Tons of issues, mostly with very lacking library support, tooling.
Agreed -- not that I know about about Erlang in particular, but library availability, maturity, (and cost) while not a reflection of the language design itself are HUGE factors in whether or not a given project is practical in that language.
In one case, I had a guy tell me online "hire me as an Erlang consultant and then I will help you".
Pretty sure you can find an example of THAT guy in ANY community.
We rewrote this 9 months of Erlang development in 3 weeks (!) using one senior Java developer.
That can mean a lot of things really. For example, a rewrite hot off the tail of the original project benefits from the fact that all the requirements, data model, information flow, features etc are actually pinned down. You jump straight to the implementation phase, and can do it all in one programming iteration -- no meetings, no feature creep, no discovery of unspecified requirements, no backtracking...
Essentially its the perfect project, a good developer is effectively handed a complete and accurate spec.

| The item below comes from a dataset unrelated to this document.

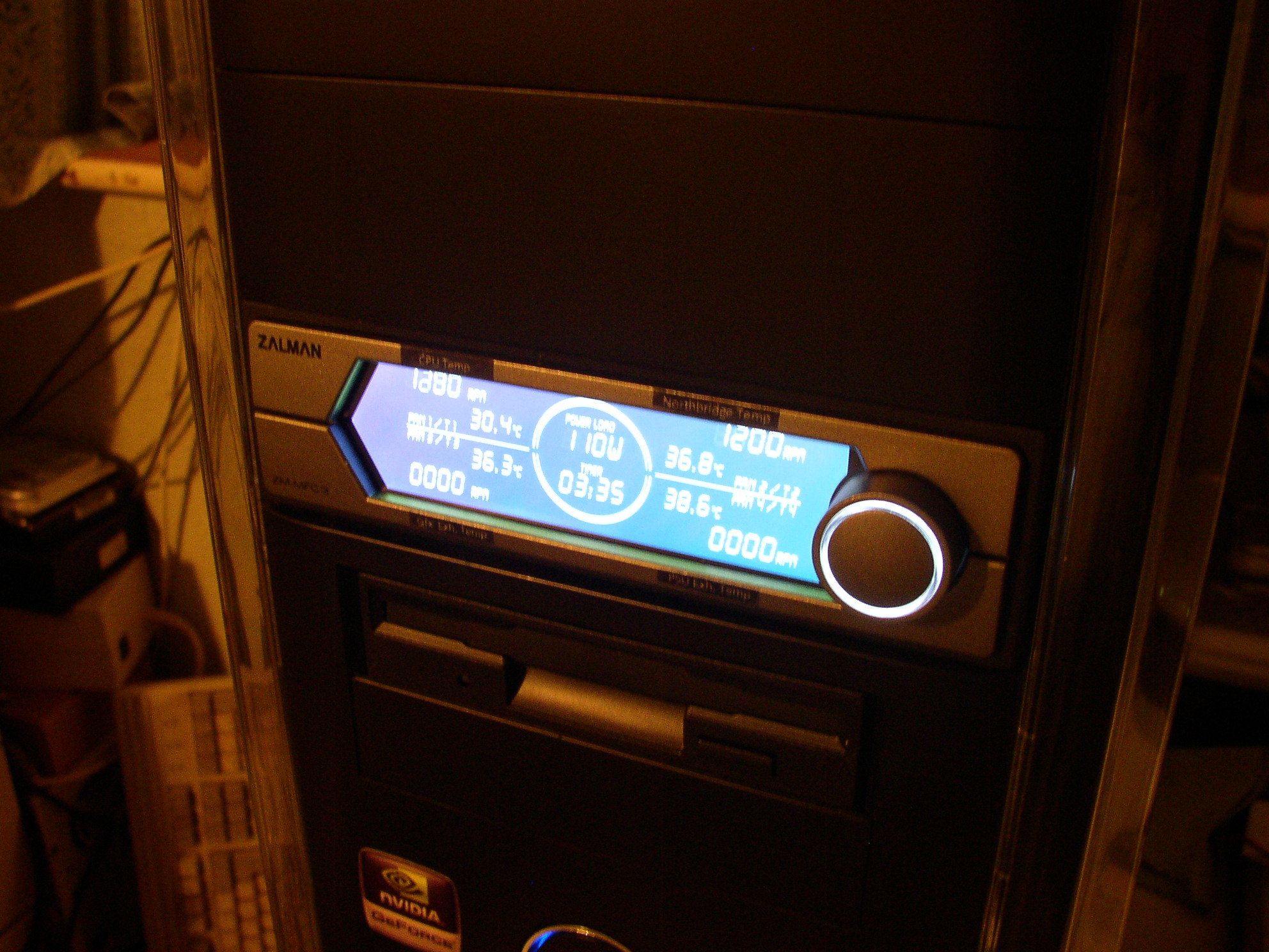 I installed a Zalman fan controller in a spare 5 1/2 inch drive bay in this system to manage thermal performance, and the controller included a VFD (Vacuum Flourescent Display) for monitoring purposes. This is now in use in the Core i7 4770K system and still going strong. I initially had repeated problems with RAM instability on this Core 2 Quad system, causing random BSoDs (Blue Screens of Death) in Windows. Reducing the DDR data rate helped, but ultimately the problem was solved by using RAM from a different manufacturer. After this, the system was stable and a pleasure to use. The following openBVE add-ons were developed on it:

Everything is immutable is beautiful for fairy tales, but not for real-life software (trying building a DOM in a language which is 100% immutable).
Yeah, its a paradigm shift... but I'm skeptical that its really that difficult. As I said, I don't know Erlang ... but I recall the first time I dipped my hand into lisp and it was like trying to make water run uphill until it just clicked and I was correctly thinking in terms of recursion and things that seemed mind bogglingly complicated to do in lisp suddenly became simple.